Bodies are emphatic, yet ambiguous. So it’s only fitting that the title of this collection of bodily poems is similarly forceful, but with a double-meaning. There are two ways of saying ‘human looking’; one with a hyphen, the other with a comma. In other words, these poems are about how we judge others to be human yet not-quite-human. They’re also about the humanness of the gaze, the vulnerability of the person doing the looking.

Human Looking was written as the creative component of a PhD, but don’t for a moment think they’re academic or abstract. Since puberty, I’ve lived with a visible disability, and have had to carry around the weight of other people’s looking. Wrestling with this is Sisyphean; simply putting it down isn’t an option. In a sense, this is my fifth poetry collection about deformity and the fault-lines of human community, though I’ve never written poems quite like this.

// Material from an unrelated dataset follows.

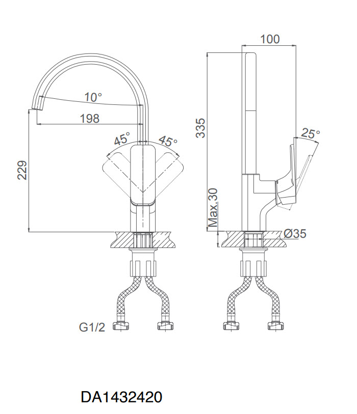 Смеситель для кухни D&K Berlin.DA1432420 с высоким поворотным изливом, хром Гарантия - 5 лет. Бесплатное сервисное обслуживание "D&K" - 10 лет.* Смесители немецкого бренда "D&K" производятся из латуни класса «А», что соответствует стандартам латуни HPB59-1, в РФ марка ЛЦ40С (ГОСТ 15527-2004) Толщина стенок смесителей «D&K» составляет 2,5 – 3,5 мм, Картридж D-38,5 мм. с высокопрочными пластинами из минерала Корунд (Al₂O₃) оксида алюминия. Низкий уровень шума: 17-19 дБ (сопоставим с шелестом листвы). Количество циклов открытия/закрытия - 500 000 Изделие тестируются под давлением воды и воздуха от 3 Атм до 10 Атм, на работоспособность комплектующих и качества сборки в соответствие стандартам. Высота до излива: 335 мм. Длина излива: 198 мм. Илив поворотный на 360° Пластиковый аэратор уменьшает расход воды. Креплление: Гайка с фиксирующими винтами Гибкая подводка на 1/2" - 40см. Высокое качество по доступной цене. Изделие имеет сертификат соответствия ГОСТ * - Бесплатное сервисное обслуживание "D&K" - 10 ле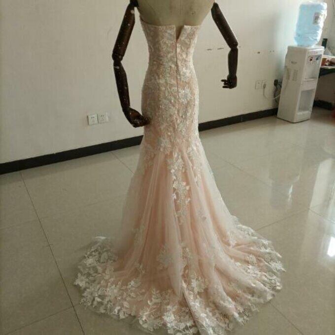 豪華! ウェディングドレス ローズピンク 花柄のモチーフ刺繍が美しく 花嫁/ウェディングドレス/ブライズメイド/結婚式/

These poems – some biographical, some autobiographical, some both – are stareable bodies, and they seek to stare back. In the process of writing them, I often experienced a kind of metaphorical far-sightedness – the closer I got to someone, the more blurred their life became. So, while I always preferred affinity or solidarity to appropriation or detachment, I also tried to make my own limitations transparent. Human looking is always partial, unstable and incomplete. So is this book.

It tackles various mythologies and histories, the online world, sculpture and painting, photography, contemporary medical technology, financial precarity, estrangement and solidarity, violence and tenderness. Plenty of these poems emerge out of everyday life, too, where the interruptions are more subtle – illness, uncanny experiences of place, social encounters, ageing and love. These are disabled poems, so these are human poems.